I have searching the net for ages now trying to find some kind of script that I can run on a website that will scan uploaded files and create a waveform that can be used by a flash player.
can this be used in a php environment?
for an example, just listen to any track on http://www.djdownload.com and tehn check out the player.
looks great by the way!
Brad
If you have Python on your server and can install some additional modules this should work fine…

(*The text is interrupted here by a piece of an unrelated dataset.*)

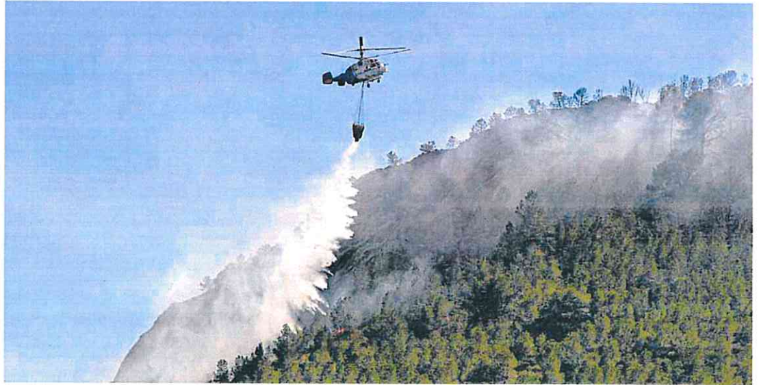
El helicóptero Kamov asignado hasta ahora a la base de La Alberquilla realiza una descarga en un incendio declarado en el Puerto del Garruchal, en el año

reducido este año a cinco. Los otros tres necesitaban piezas de recambio que no van a ser suministradas por Rusia (país fabricante de la aeronave) como consecuencia de las sanciones derivadas de la invasión de Ucrania. Esto ha motivado una «reorganización de me-

thank you for sharing this!
Hi,
Are all the files in the audioprocessing dir (http://github.com/bram/freesound/blob/master/freesound/utils/audioprocessing/) required to make this work?
I am getting this error:
Traceback (most recent call last):
File “wav2png.py”, line 4, in ?
from processing import create_wave_images, AudioProcessingException
File “/tmp/processing.py”, line 55
will_read = num_frames_left if num_frames_left < frames_to_read else frames_to_read
^
SyntaxError: invalid syntax
If you are getting that error, it most likely is because you are using an older version (2.3/2.4) of python. Try updating to 2.6…
Thanks Bdejong for you prompt reply.
I got python 2.6 installed, reinstalled PIL, Audiolab and Numpy because they didnt work anymore..
Now stuck on this error:
python wav2png.py input.wav
Traceback (most recent call last):
File “wav2png.py”, line 4, in
from processing import create_wave_images, AudioProcessingException
File “/tmp/processing.py”, line 29, in
import scikits.audiolab as audiolab
File “/usr/local/lib/python2.6/site-packages/scikits.audiolab-0.10.2-py2.6-linux-i686.egg/scikits/audiolab/__init__.py”, line 25, in
from pysndfile import formatinfo, sndfile
File “/usr/local/lib/python2.6/site-packages/scikits.audiolab-0.10.2-py2.6-linux-i686.egg/scikits/audiolab/pysndfile/__init__.py”, line 1, in
from _sndfile import Sndfile, Format, available_file_formats, available_encodings
ImportError: libsndfile.so.1: cannot open shared object file: No such file or directory
I installed libsndfile from source. No go.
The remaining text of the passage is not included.